Cool and uncompromised

The need for validation is the strongest it has ever been now, more than at any other time in human history. Blame it on the explosion of social media, and media sharing networks like Tik Tok and Instagram.

Apr 08, 2023


The need for validation is the strongest it has ever been now, more than at any other time in human history. Blame it on the explosion of social media, and media sharing networks like Tik Tok and Instagram.

Public spaces these days are rife with people purportedly living their best lives, or learning how to live again after trauma. Everyone with a story to tell (as well as those with nothing much to say), is jockeying for space on media feeds.
Anyone with a social media account is a consumer, willing or not, and it is easy to feel bewildered or lost after protracted amounts of time trawling through Facebook and its affiliates. Like insidious sugar, social media has insinuated itself into our lives, and many times, not for the best.

Is it any surprise, then, that people have begun revisiting that age-old question: what am I here for? It’s ironic that in these days of excellent satellite navigation systems, and apps like Waze, that people appear to be more lost than ever.
In view of this, I take so much comfort in the assured security and infallibility of the Baltimore Catechism, which queries, “Why did God make me? and answers, “God made me to know Him, to love Him, and to serve Him in this world, and to be happy with Him forever in the next.” Some may scoff at the infantile innocence of this question and answer, but I believe some things need to be simplified in order for their impact to be felt.

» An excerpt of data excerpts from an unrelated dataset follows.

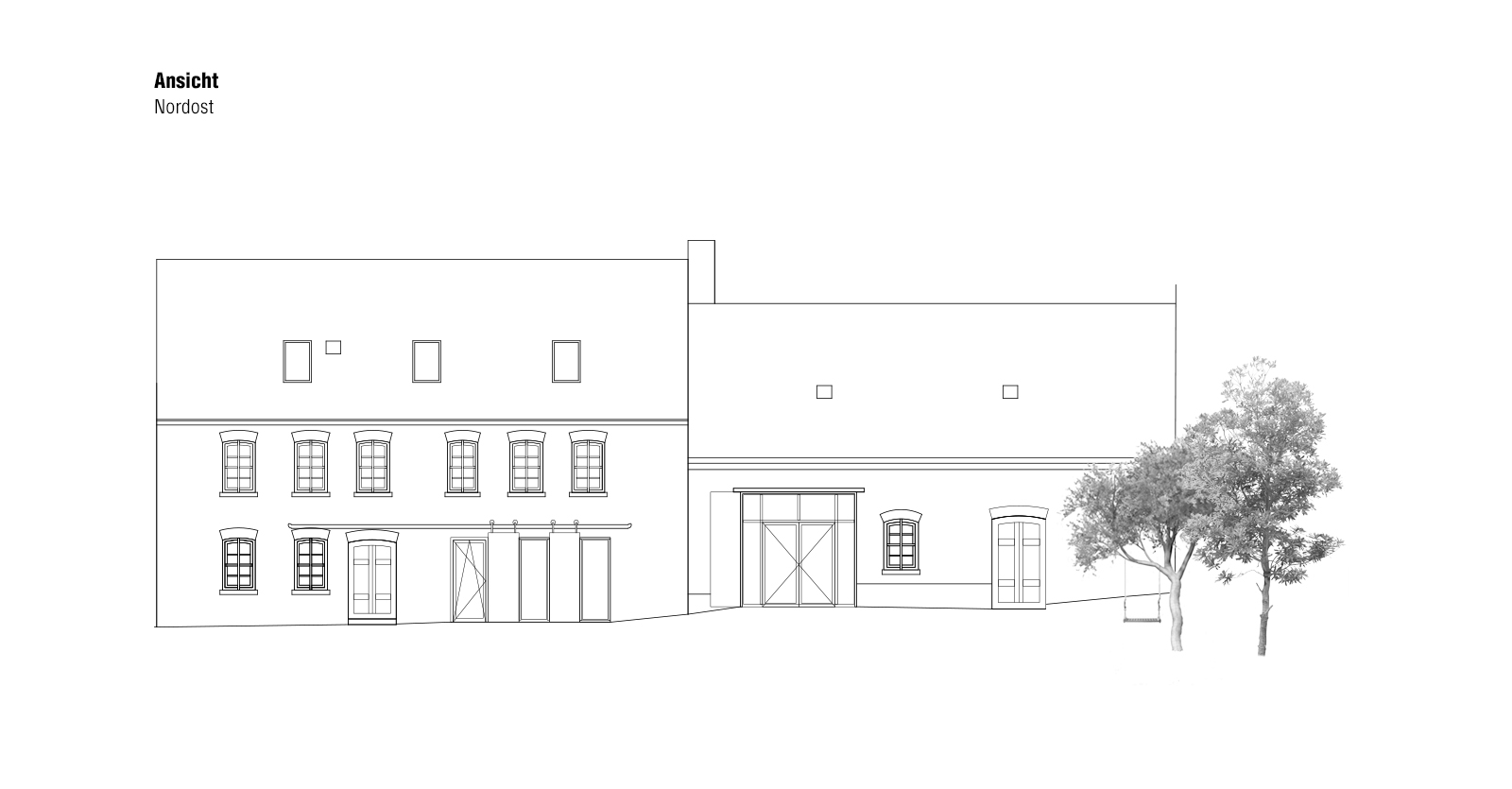 Der Entwurf setzt auf einen bewussten Umgang mit der vorhandenen Substanz. Unregelmäßiges Mauerwerk bleibt sichtbar, großflächige weiße Bereiche schaffen Ruhe und dienen als neutraler Hintergrund für wechselnde Formate. Eine neu eingefügte Fensterfront an Stelle des ehemaligen Tores öffnet den Raum, stärkt Blickbeziehungen und verbessert die Belichtung.
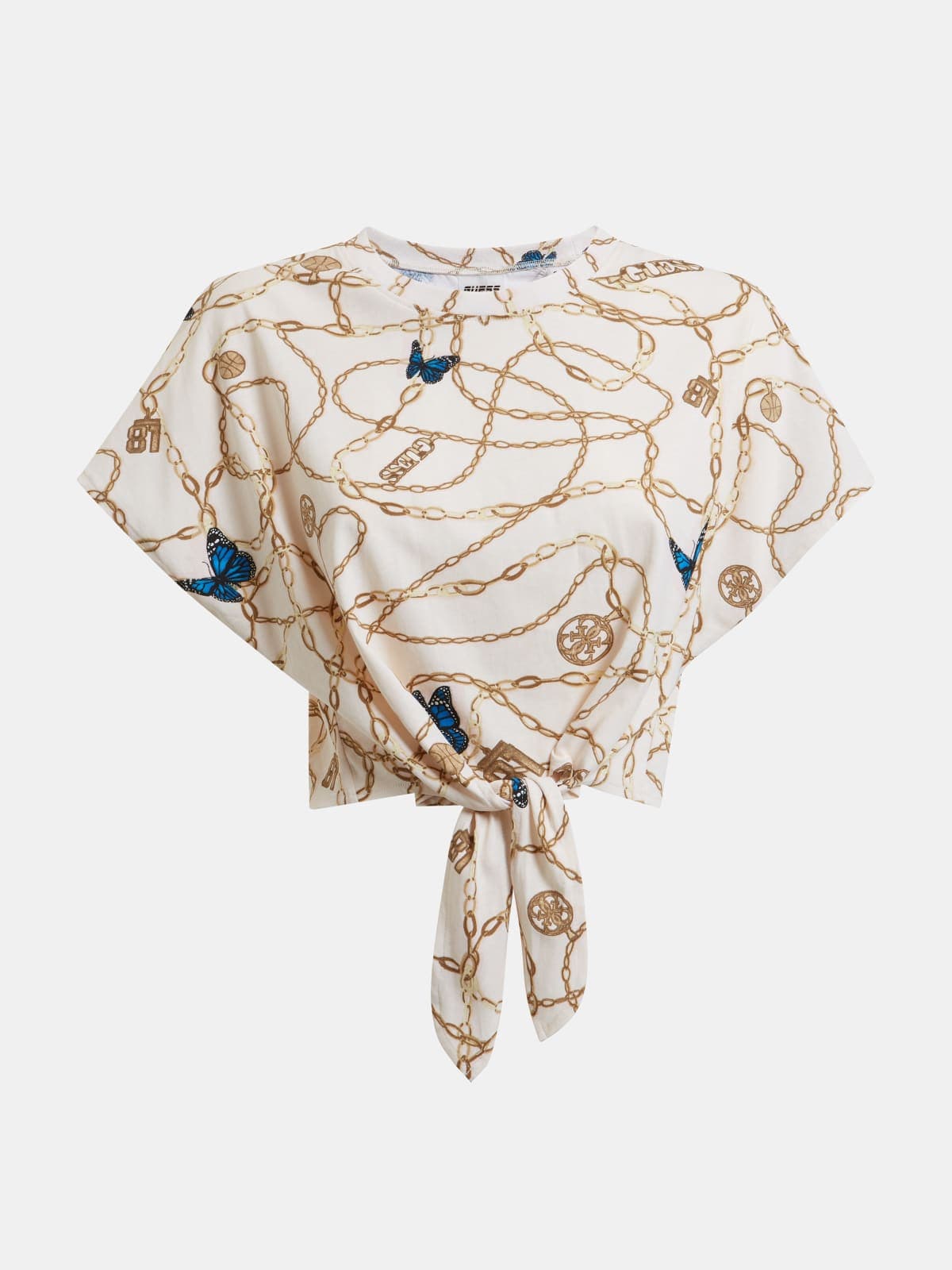 GUESS t shirt donna maglia manica corta cropped con nodo cotone beige
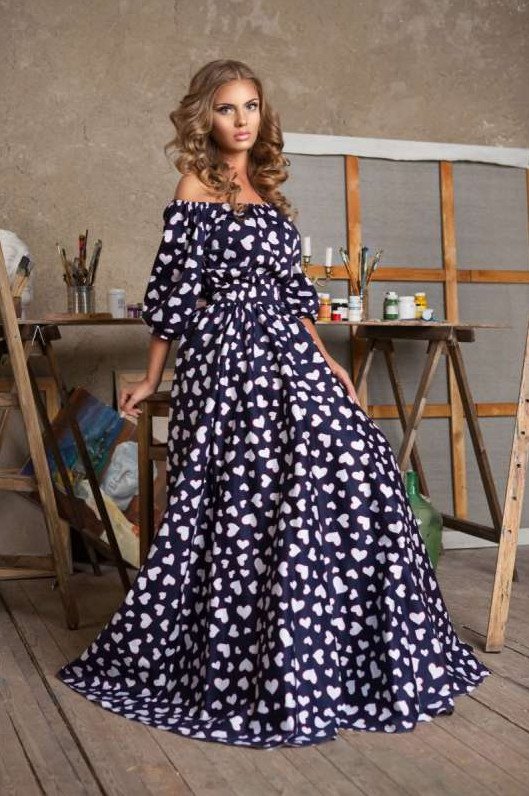 Штапельное платье макси горох на синем.
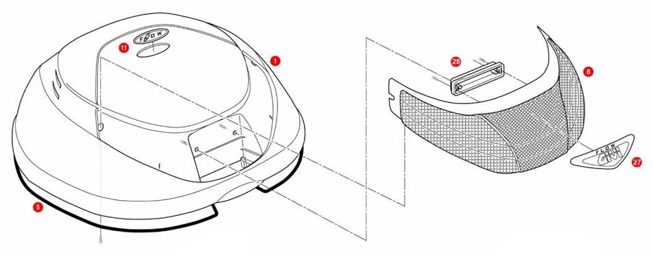 Detailní popis Z350CNM víko kufru E 350 Flow kompletní černé (víko s krytem a odrazkami)
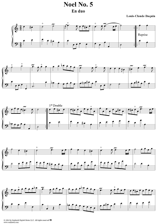 "Noel No. 5 - En duo" Sheet Music by Louis-Claude Daquin
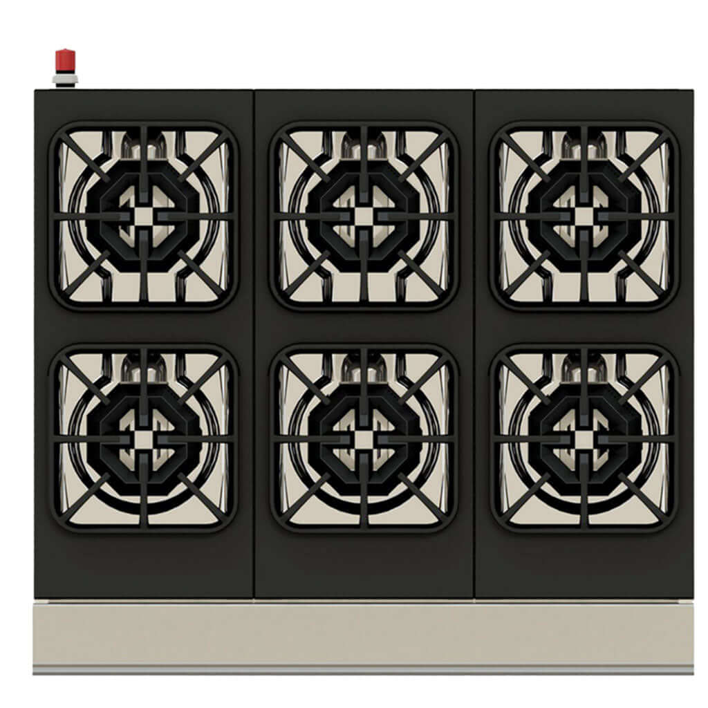 - 6 quemadores octagonales sólidos en hierro fundido de 24,000 Btu/hr c/u.

I turn to the Baltimore Catechism in times where the Catechism of the Catholic Church feels more apt as a cockroach killer than a beacon of faith. The Baltimore Catechism is what drew me, as a primary Convent schoolgirl, to the faith. It was so simple, but so sure. There is a profoundness in such a simple faith, and I find that, as life gets more complicated, it serves as a reminder of the simplest tenements of my faith.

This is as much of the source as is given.